Following a server restart, the latest snapshot and the logs containing the updates made after the snapshot are loaded from disk and replayed in memory.

How Snapshots and Logs are Used with Replication

With replication, database partitions are copied from a primary host to a secondary host.

When a replica is provisioned, it receives an initial snapshot from the master. The replica replays this snapshot.

Going forward, the replica receives and replays logs from the master. These logs contain the in-memory database updates (from DDL and DML commands) made on the master. When the size of the logs reaches snapshot_trigger_size as set on the master, the replica takes a snapshot. A snapshot is a full backup of the database. Following the creation of a snapshot, subsequent DDL and DML in-memory updates on the master are again written to the logs that are sent to the replica, until snapshot_trigger_size (as set on the master) is again reached.

Replay Configuration

You can tune the snapshot-trigger-size and snapshots-to-keep engine variables to make efficient use of the logs and snapshots.

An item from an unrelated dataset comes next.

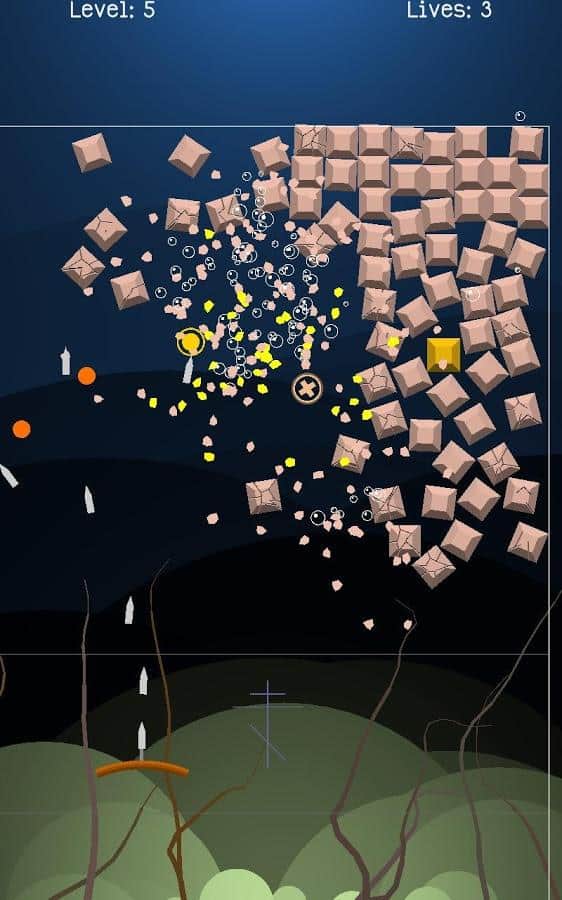 Fluid Arkanoid / Arkanoid Líquido - juego en Android en el que necesitas hacer que una bola entre en varios bloques. Pero hacerlo a veces no es tan fácil, ya que todo se mueve aleatoriamente, y a veces incluso tienes que participar en una carrera para llegar a los cubos. En algunos casos, puedes encontrar peces, pero a veces pueden interferir.

A large snapshot-trigger-size decreases the frequency that snapshots are taken. But a large snapshot-trigger-size increases the time needed to replay the snapshot.

A large snapshots-to-keep increases the number of snapshots available, and it increases the amount of space needed to store the snapshots and logs.

snapshots-to-keep defaults to 2.

The datadir engine variable stores the location of the snapshots and logs.

Replay Error Handling

This section lists errors that can occur when MemSQL processes the logs and the snapshots. It also discusses how MemSQL addresses the errors.

CRC32 Instruction not Supported

If your system hardware does not support the CRC32 instruction, you will receive the following error.

Warning: SSE4.2 is not supported. Resorting to software CRC32C. MemSQL recovery and log writing performance will be negatively impacted.

This error will be commonly seen on older processors and some virtualized environments. In this instance, MemSQL will use a software implementation of CRC32; however, this will slow down reading and writing log files. We recommend that production deployments of MemSQL run on environments that support this instruction.

Data Corruption Found During Replay

During replay, if MemSQL encounters corrupted logs or snapshots, it puts the database in the unrecoverable state. Such a database will usually auto-heal if in high availability, redundancy-2 mode and the corrupted logs or snapshots are on the replica partitions. During auto-healing, the primary host takes a snapshot and sends it to the replica. When auto-healing is complete, the secondary database will resume its operation in the replicating state.